• _Records from a data collection_
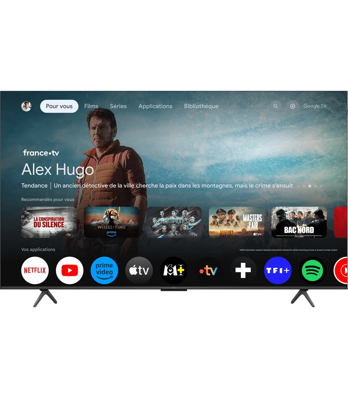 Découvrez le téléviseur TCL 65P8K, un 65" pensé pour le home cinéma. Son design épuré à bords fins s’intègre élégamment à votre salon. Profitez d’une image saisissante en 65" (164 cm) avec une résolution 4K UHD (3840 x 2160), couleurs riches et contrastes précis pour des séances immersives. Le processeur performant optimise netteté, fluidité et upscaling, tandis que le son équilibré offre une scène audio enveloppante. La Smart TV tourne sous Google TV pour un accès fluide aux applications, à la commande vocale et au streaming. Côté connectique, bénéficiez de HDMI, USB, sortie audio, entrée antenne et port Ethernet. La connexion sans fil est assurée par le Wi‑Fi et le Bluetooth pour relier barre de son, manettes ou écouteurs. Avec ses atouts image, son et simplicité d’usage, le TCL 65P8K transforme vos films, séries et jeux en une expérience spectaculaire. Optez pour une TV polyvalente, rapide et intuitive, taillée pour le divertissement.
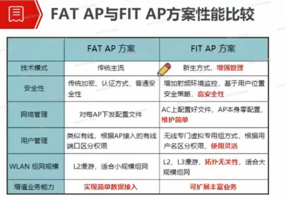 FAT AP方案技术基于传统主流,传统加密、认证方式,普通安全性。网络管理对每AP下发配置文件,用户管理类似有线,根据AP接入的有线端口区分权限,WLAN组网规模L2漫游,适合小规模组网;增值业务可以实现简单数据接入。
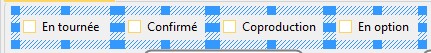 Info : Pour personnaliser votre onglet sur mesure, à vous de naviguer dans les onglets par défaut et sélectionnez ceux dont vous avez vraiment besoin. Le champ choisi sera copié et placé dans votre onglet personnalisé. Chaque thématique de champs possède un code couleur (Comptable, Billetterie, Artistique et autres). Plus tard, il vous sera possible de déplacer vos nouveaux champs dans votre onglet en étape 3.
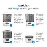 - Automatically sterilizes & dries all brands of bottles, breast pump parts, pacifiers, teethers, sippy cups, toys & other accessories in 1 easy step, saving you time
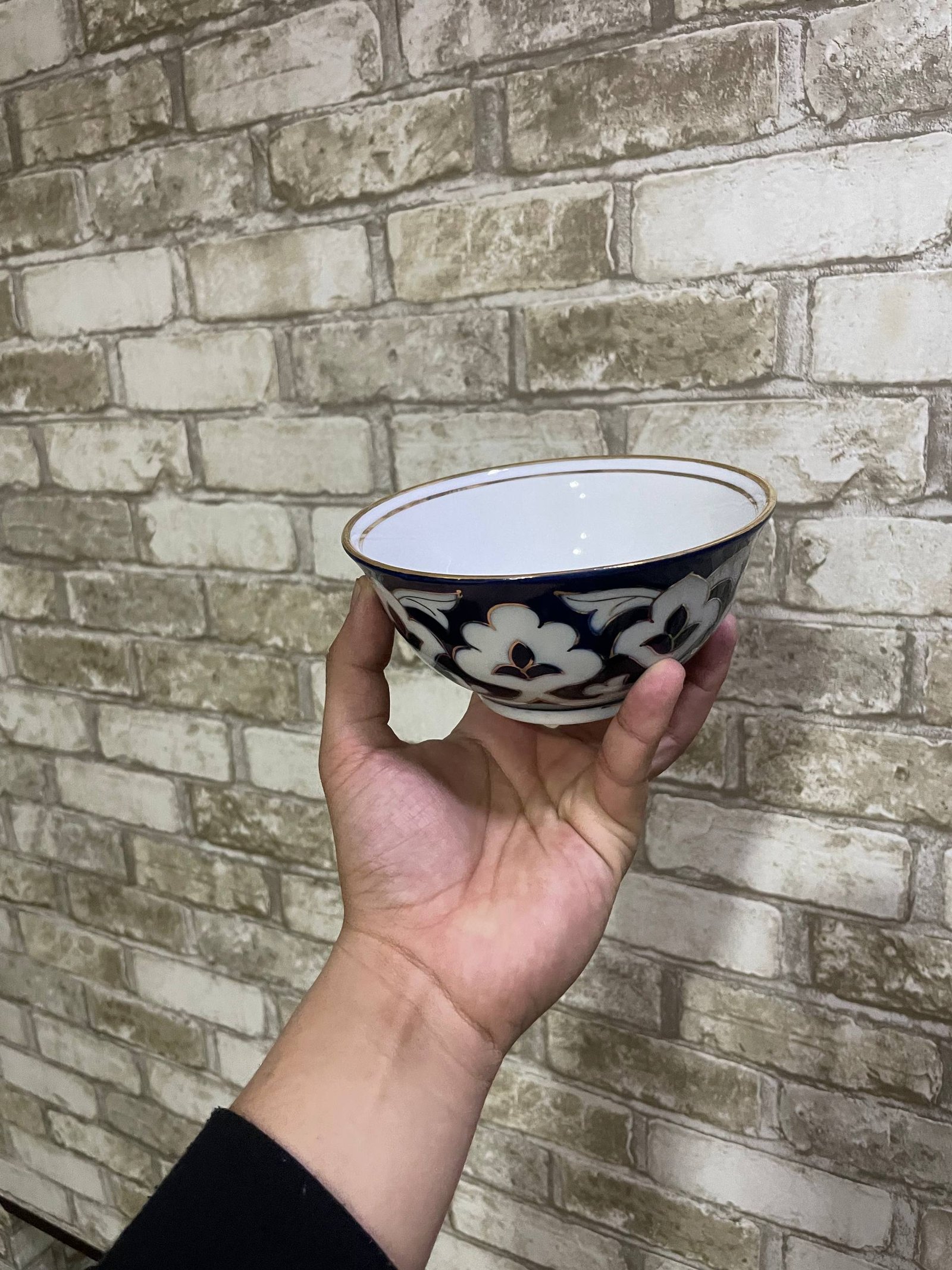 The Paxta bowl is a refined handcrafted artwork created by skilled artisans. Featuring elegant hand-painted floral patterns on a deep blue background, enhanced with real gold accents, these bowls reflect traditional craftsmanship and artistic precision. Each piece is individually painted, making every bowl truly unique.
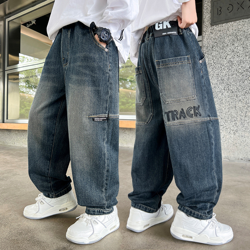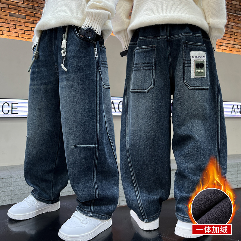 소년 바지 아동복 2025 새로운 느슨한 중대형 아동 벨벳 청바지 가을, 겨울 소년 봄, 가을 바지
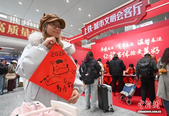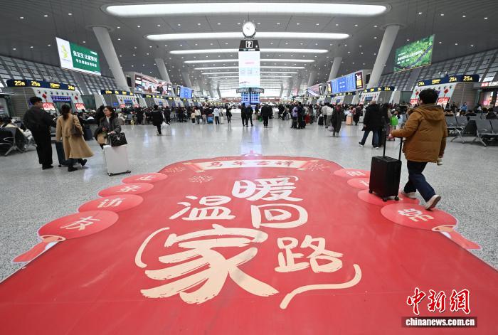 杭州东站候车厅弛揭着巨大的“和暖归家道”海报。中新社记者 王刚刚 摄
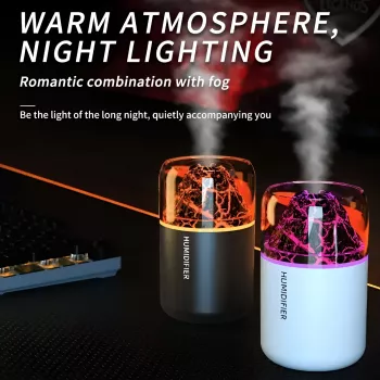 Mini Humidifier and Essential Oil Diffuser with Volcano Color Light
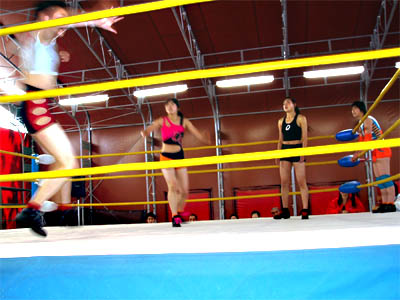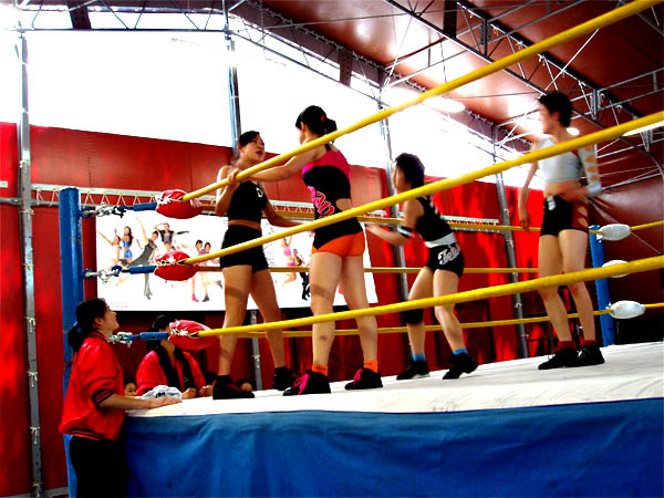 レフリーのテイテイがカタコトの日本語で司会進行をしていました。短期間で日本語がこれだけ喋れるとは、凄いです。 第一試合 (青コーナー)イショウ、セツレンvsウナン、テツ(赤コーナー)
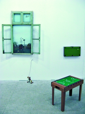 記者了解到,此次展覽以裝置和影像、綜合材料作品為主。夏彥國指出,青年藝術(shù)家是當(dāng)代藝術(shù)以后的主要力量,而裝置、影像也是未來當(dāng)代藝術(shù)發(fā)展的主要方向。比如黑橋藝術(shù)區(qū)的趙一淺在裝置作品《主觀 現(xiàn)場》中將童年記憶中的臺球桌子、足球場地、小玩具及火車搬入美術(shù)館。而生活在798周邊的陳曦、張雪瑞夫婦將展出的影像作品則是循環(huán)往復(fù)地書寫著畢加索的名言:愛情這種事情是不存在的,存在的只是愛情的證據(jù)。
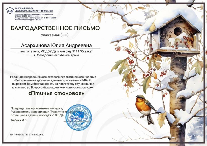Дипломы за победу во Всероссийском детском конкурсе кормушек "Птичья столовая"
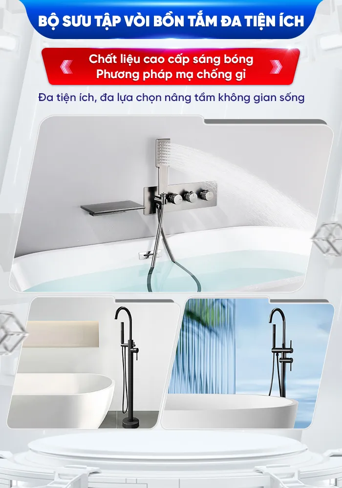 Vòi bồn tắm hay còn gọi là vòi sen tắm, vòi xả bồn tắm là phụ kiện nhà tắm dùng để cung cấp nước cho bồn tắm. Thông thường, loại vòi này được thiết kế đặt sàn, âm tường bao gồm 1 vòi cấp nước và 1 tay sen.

• _WHAT THE TASK REQUIRES_
Could you retype all the entries above exactly, without the pictures?

• _EXERCISE ANSWER_
 Découvrez le téléviseur TCL 65P8K, un 65" pensé pour le home cinéma. Son design épuré à bords fins s’intègre élégamment à votre salon. Profitez d’une image saisissante en 65" (164 cm) avec une résolution 4K UHD (3840 x 2160), couleurs riches et contrastes précis pour des séances immersives. Le processeur performant optimise netteté, fluidité et upscaling, tandis que le son équilibré offre une scène audio enveloppante. La Smart TV tourne sous Google TV pour un accès fluide aux applications, à la commande vocale et au streaming. Côté connectique, bénéficiez de HDMI, USB, sortie audio, entrée antenne et port Ethernet. La connexion sans fil est assurée par le Wi‑Fi et le Bluetooth pour relier barre de son, manettes ou écouteurs. Avec ses atouts image, son et simplicité d’usage, le TCL 65P8K transforme vos films, séries et jeux en une expérience spectaculaire. Optez pour une TV polyvalente, rapide et intuitive, taillée pour le divertissement.
 FAT AP方案技术基于传统主流,传统加密、认证方式,普通安全性。网络管理对每AP下发配置文件,用户管理类似有线,根据AP接入的有线端口区分权限,WLAN组网规模L2漫游,适合小规模组网;增值业务可以实现简单数据接入。
 Info : Pour personnaliser votre onglet sur mesure, à vous de naviguer dans les onglets par défaut et sélectionnez ceux dont vous avez vraiment besoin. Le champ choisi sera copié et placé dans votre onglet personnalisé. Chaque thématique de champs possède un code couleur (Comptable, Billetterie, Artistique et autres). Plus tard, il vous sera possible de déplacer vos nouveaux champs dans votre onglet en étape 3.
 - Automatically sterilizes & dries all brands of bottles, breast pump parts, pacifiers, teethers, sippy cups, toys & other accessories in 1 easy step, saving you time
 The Paxta bowl is a refined handcrafted artwork created by skilled artisans. Featuring elegant hand-painted floral patterns on a deep blue background, enhanced with real gold accents, these bowls reflect traditional craftsmanship and artistic precision. Each piece is individually painted, making every bowl truly unique.
 소년 바지 아동복 2025 새로운 느슨한 중대형 아동 벨벳 청바지 가을, 겨울 소년 봄, 가을 바지
 杭州东站候车厅弛揭着巨大的“和暖归家道”海报。中新社记者 王刚刚 摄
 Mini Humidifier and Essential Oil Diffuser with Volcano Color Light
 レフリーのテイテイがカタコトの日本語で司会進行をしていました。短期間で日本語がこれだけ喋れるとは、凄いです。 第一試合 (青コーナー)イショウ、セツレンvsウナン、テツ(赤コーナー)
 記者了解到,此次展覽以裝置和影像、綜合材料作品為主。夏彥國指出,青年藝術(shù)家是當(dāng)代藝術(shù)以后的主要力量,而裝置、影像也是未來當(dāng)代藝術(shù)發(fā)展的主要方向。比如黑橋藝術(shù)區(qū)的趙一淺在裝置作品《主觀 現(xiàn)場》中將童年記憶中的臺球桌子、足球場地、小玩具及火車搬入美術(shù)館。而生活在798周邊的陳曦、張雪瑞夫婦將展出的影像作品則是循環(huán)往復(fù)地書寫著畢加索的名言:愛情這種事情是不存在的,存在的只是愛情的證據(jù)。
Дипломы за победу во Всероссийском детском конкурсе кормушек "Птичья столовая"
 Vòi bồn tắm hay còn gọi là vòi sen tắm, vòi xả bồn tắm là phụ kiện nhà tắm dùng để cung cấp nước cho bồn tắm. Thông thường, loại vòi này được thiết kế đặt sàn, âm tường bao gồm 1 vòi cấp nước và 1 tay sen.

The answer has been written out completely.